The result should be the lines from the one that contains "记者对比当前退票和改签规则发" to the final line of the entries below, copied exactly and with no pictures.

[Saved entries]
'''

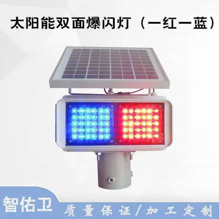 交通道路施工安全提示灯太阳能爆闪灯红蓝双面频闪警示灯
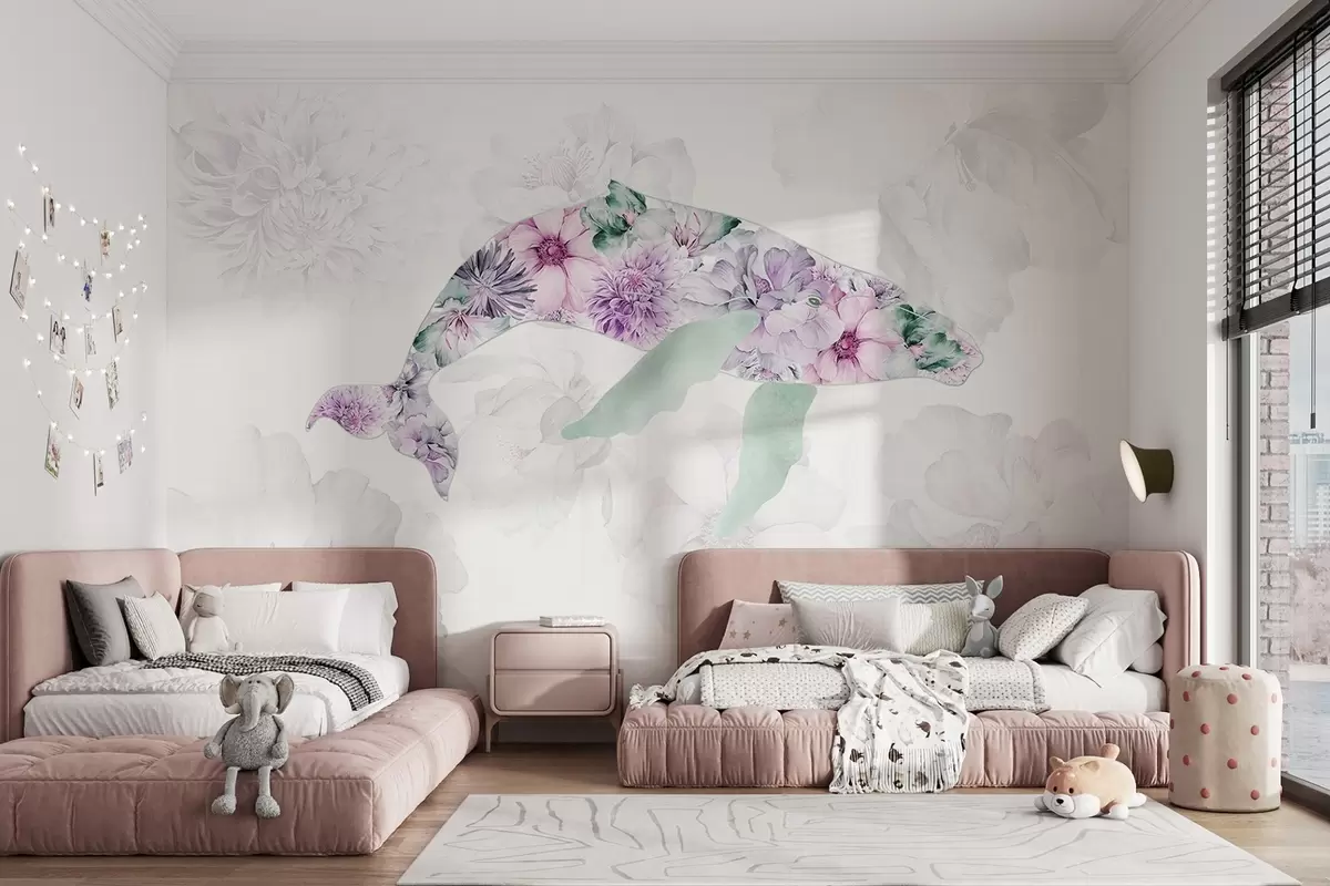 Fototapet Velryba s akvarelovými květinami, oceánská zvířata, minimalismus, růžová a zelená w03446v1
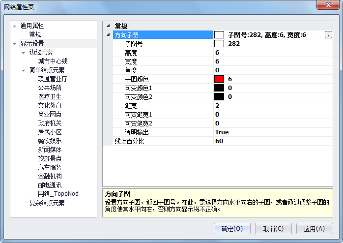 【方向子图】:在拓扑建网时显示拓扑方向,类似于线方向。
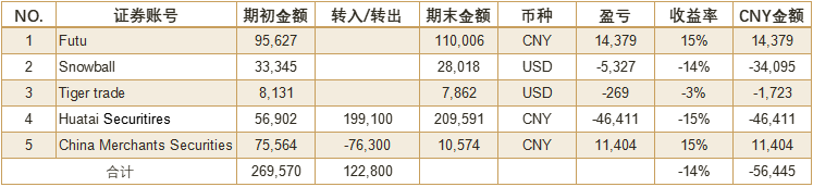 2021辛丑年时间过半,这半年的投资总体为亏损14% 的状态,涉及港美股和A股投资的5个账号。
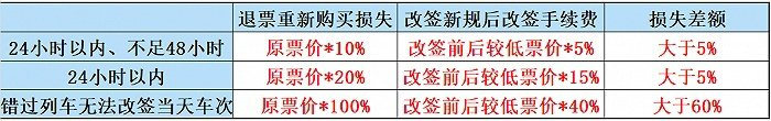 记者对比当前退票和改签规则发现,对于因故需改乘车日期之后列车的乘客来说,如果是48小时内乘客改签,将至少能减少5%的损失;如果是开车后当天乘客改签次日或之后车票,乘客将至少能减少60%的损失。
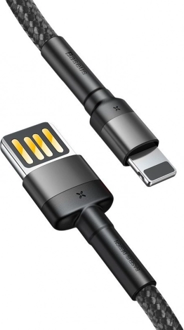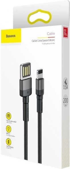Kábel Baseus Cafule (špeciálna edícia) kombinuje prémiové materiály a praktický dizajn. Opletenie z odolného nylonu zabraňuje zamotávaniu, hliníkové konektory zvyšujú životnosť a zosilnený TPE spoj chráni najviac namáhané časti kábla. Vďaka obojstrannému USB konektoru a Lightning koncovke je ideálny pre iPhone, iPad a ďalšie zariadenia Apple.
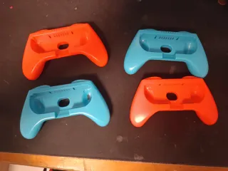 Dos soportes para mandos Joy-Con de Nintendo Switch. Uno en color naranja y otro en color azul. - Diseño ergonómico. - Compatible con Nintendo Switch.
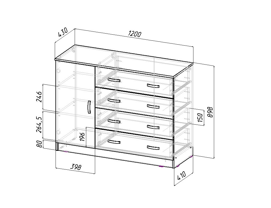 - Размеры (ДxШxВ), в сантиметрах 43х120х90

'''

Answer to this exercise:
 记者对比当前退票和改签规则发现,对于因故需改乘车日期之后列车的乘客来说,如果是48小时内乘客改签,将至少能减少5%的损失;如果是开车后当天乘客改签次日或之后车票,乘客将至少能减少60%的损失。
Kábel Baseus Cafule (špeciálna edícia) kombinuje prémiové materiály a praktický dizajn. Opletenie z odolného nylonu zabraňuje zamotávaniu, hliníkové konektory zvyšujú životnosť a zosilnený TPE spoj chráni najviac namáhané časti kábla. Vďaka obojstrannému USB konektoru a Lightning koncovke je ideálny pre iPhone, iPad a ďalšie zariadenia Apple.
 Dos soportes para mandos Joy-Con de Nintendo Switch. Uno en color naranja y otro en color azul. - Diseño ergonómico. - Compatible con Nintendo Switch.
 - Размеры (ДxШxВ), в сантиметрах 43х120х90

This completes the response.